Sem esconder seu desconforto com as investigações em torno do Decreto dos Portos, em que é suspeito de haver beneficiado a concessionária Rodrimar, o presidente Michel Temer abriu nesta segunda-feira (13) à imprensa reunião de trabalho com ministros, técnicos e representantes do setor privado sobre o Decreto da Relicitação, que pode beneficiar concessionárias de rodovias, aeroportos e ferrovias com as contas desequilibradas.
“Muitas vezes verifico que decretos por mim assinados, que foram objetos dessas preliminares todas (reuniões registradas em ata), das quais tomo conhecimento apenas no dia, o que se alega é que o presidente da República quis beneficiar uma ou outra empresa”, comentou, ao abrir a reunião. “Isso gera procedimentos investigativos que alcançam cinco mil, seis mil páginas para revelar o óbvio, que se deu um processo para chegar ao Presidente da República”.
Ele explicou que pediu para que a reunião fosse transmitida pela TV para deixar clara a motivação do governo, caso a medida seja adotada. “Queremos mostrar fatos, e não um desejo ilícito, não transparente”.
O Decreto da Relicitação é aguardado pelo setor privado há um ano e dois meses. De tão prometido para breve e em seguida adiado, ele ganhou o apelido de “decreto da semana que vem”. E a história se repetiu: mesmo se dizendo “pré-convencido”, Temer disse que analisaria o texto ao longo dos próximos dias.
Segundo fontes, o objetivo da reunião foi testar a receptividade ao decreto pela opinião pública e também por órgãos como o Ministério Público e o Tribunal de Contas da União (TCU). “A mim me parece uma péssima saída”, disse o procurador do Ministério Público junto ao TCU Júlio Marcelo de Oliveira. “Ela incentiva a irresponsabilidade das empresas no momento da licitação. Desmoraliza o modelo de concessões brasileiro”.
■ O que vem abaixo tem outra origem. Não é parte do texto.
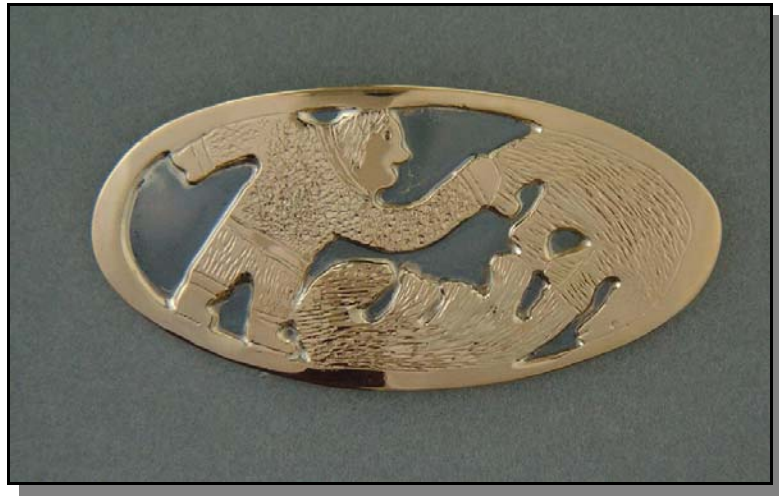
Kautyayuk, 2003 14k gold, sterling 5 x 2.5 cm
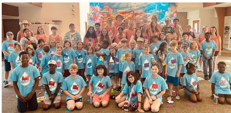
We had such an amazing group of students at VBC this year.
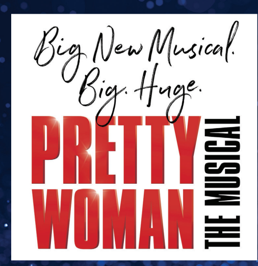
March 13, 2025
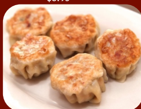
GYOZA DUMPLING $5.50
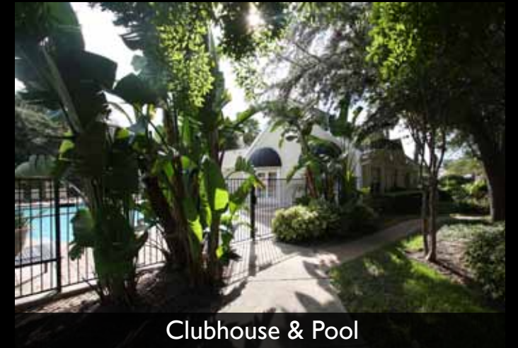
Clubhouse & Pool

No extremo oposto, o presidente da Associação Brasileira de Concessionárias de Rodovias (ABCR), César Borges, que esteve na reunião com Temer, disse ao Estadoesperar que o decreto seja de fato assinado nos próximos dias.
A relicitação é o mecanismo que permite às concessionárias em infraestrutura devolver os empreendimentos ao governo para que sejam novamente leiloados. Até que passe para outro grupo privado, a antiga concessionária continua à frente do negócio, mas com um nível menor de exigências.
É uma alternativa tida como mais benéfica ao usuário do que o caminho tradicional, que é a caducidade. Nela, o governo federal retoma o negócio e tem a obrigação de administrá-lo, o que gera novas despesas num orçamento apertado.
Esse mecanismo foi criado por meio de uma Medida Provisória (MP) editada em novembro de 2016 e convertida na Lei 13.448 em junho de 2017. Desde então, aguarda um decreto para ser colocado em prática. A demora era explicada, nos bastidores, pelas investigações em torno do Decreto dos Portos.
Possibilidade. Já há duas candidatas ao processo: a Via 040, que opera um trecho de 936,8 km da BR-040 entre o Distrito Federal e Juiz de Fora (MG), e a Rodovia do Aço, que administra 200 km da BR-293 no Rio de Janeiro, desde a divisa com Minas Gerais até o entroncamento com a Via Dutra.
O vice-presidente de Rodovias da Invepar, que controla a Via 040, Túlio Abi-saber, disse que “situações imprevisíveis” geraram os desequilíbrios nas concessões de rodovias e que a relicitação é uma “saída benéfica para o Estado brasileiro e para o usuário”, pois possibilita uma devolução amigável de forma célere. A Acciona, que detém a concessão da Rodovia do Aço, informou que protocolou seu pedido de relicitação no dia 11 de abril. “A equação, considerando as atuais tarifas e os custos de manutenção e investimento, tornou-se inviável, obrigando a Acciona a tomar a decisão de entregar a concessão”.